Relations with the employer and/or the employer's Lawyer. As the plaintiff's lawyer, you will likely need the employer's help and in turn will want to help the employer. The employer may have valuable information to help prosecute the civil case. The employer may be able to secure important evidence or witnesses. In addition, the employer is typically aligned with the employee regarding liability -- both want to maximize the third-party defendant's fault and minimize the employer's fault (i.e., unrecoverable fault). Hostility between the plaintiff lawyer and the employer will not advance these interests and may in fact hurt them.

Trial considerations There are also trial considerations. For example, do you want the workers' compensation subrogation case to be tried with the civil case? If the employer remains in the case, the jury will be informed that the employer is seeking reimbursement for benefits paid, thus bringing collateral source benefits before the jury. You may or may not want the employer's lawyer involved in presenting the case. While the subrogation attorney will be largely aligned with the plaintiff and motivated to help the plaintiff obtain the biggest damage award possible while mitigating employer/co-employee fault, the employer's lawyer may not be very adept at presenting the case at trial. The employer's attorney might "screw up" the plaintiff's case. On the other hand, the employer's lawyer may be great at trial or may have experts or other resources helpful to the plaintiff. Regardless of whether you are on the defense or plaintiff side, you'll want to consider whether having the employer involved at trial is a good thing.

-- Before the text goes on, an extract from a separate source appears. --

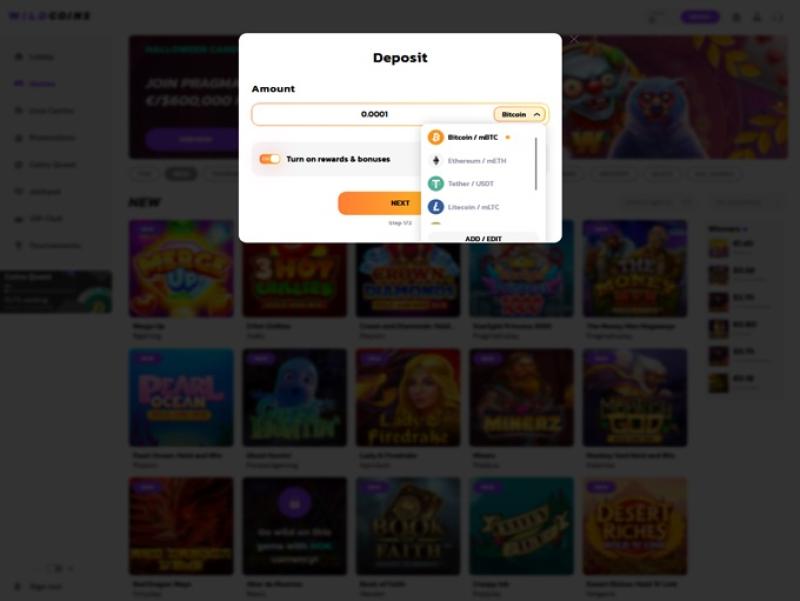 WildCoinsカジノは、多様な暗号通貨による入金オプションを提供しています。プレイヤーは、様々な人気の暗号通貨決済方法を利用して、即時入金と迅速な出金が可能です。

Whether you are a plaintiff's lawyer, an applicant's lawyer, liability defense or workers' compensation subrogation lawyer, it is imperative you understand the interplay between the workers' compensation system and third-party personal injury claims. As discussed at length above, there is a lot to consider.

For the plaintiff's lawyer, deciding whether to pursue a third-party case will hinge in part on how that case might impact the client's workers' compensation case, and the client's prospects for a reasonable net recovery in the civil case after considering the potential reimbursement claim and employer/employee fault (i.e., fault that represents unrecoverable liability). Also, coordinating the civil case with the applicant's attorney is critical since evidence in the workers' compensation case can become important in the civil case, and the workers' compensation case and civil case can dramatically affect each other.

For the third-party defense lawyer, understanding how the workers' compensation case and subrogation rights can affect the plaintiff's civil case will give you an advantage in trying to resolve the case. For example, you may have an opportunity to buy the workers' compensation lien cheap, thus improving the chance of settlement while limiting your client's exposure.

And for the subrogation attorney, understanding third-party liability issues and the rules affecting subrogation rights, especially where there is considerable employer and/or co-employee fault, will be important in your decision making. Because there are so many tricky issues in these cases, often a global settlement is the best way to control your risk and avoid a big mistake.